EXERCISE PROMPT:
With the material below, print exactly the lines between the line holding "Made from high-quality" and the line holding "Añadir un soporte", inclusive. Add nothing else.

DATA SUPPLIED:

= = =

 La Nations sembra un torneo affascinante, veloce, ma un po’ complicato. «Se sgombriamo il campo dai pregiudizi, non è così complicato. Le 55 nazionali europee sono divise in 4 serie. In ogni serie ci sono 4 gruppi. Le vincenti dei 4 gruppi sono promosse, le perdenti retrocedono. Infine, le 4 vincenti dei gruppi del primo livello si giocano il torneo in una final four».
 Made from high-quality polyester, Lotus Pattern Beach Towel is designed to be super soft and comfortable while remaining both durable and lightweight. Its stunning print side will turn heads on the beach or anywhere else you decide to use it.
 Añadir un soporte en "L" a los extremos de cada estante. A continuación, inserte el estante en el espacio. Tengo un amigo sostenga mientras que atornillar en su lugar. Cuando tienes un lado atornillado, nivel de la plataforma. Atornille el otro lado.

= = =

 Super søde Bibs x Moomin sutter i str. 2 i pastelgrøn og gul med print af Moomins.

= = =

ANSWER:
 Made from high-quality polyester, Lotus Pattern Beach Towel is designed to be super soft and comfortable while remaining both durable and lightweight. Its stunning print side will turn heads on the beach or anywhere else you decide to use it.
 Añadir un soporte en "L" a los extremos de cada estante. A continuación, inserte el estante en el espacio. Tengo un amigo sostenga mientras que atornillar en su lugar. Cuando tienes un lado atornillado, nivel de la plataforma. Atornille el otro lado.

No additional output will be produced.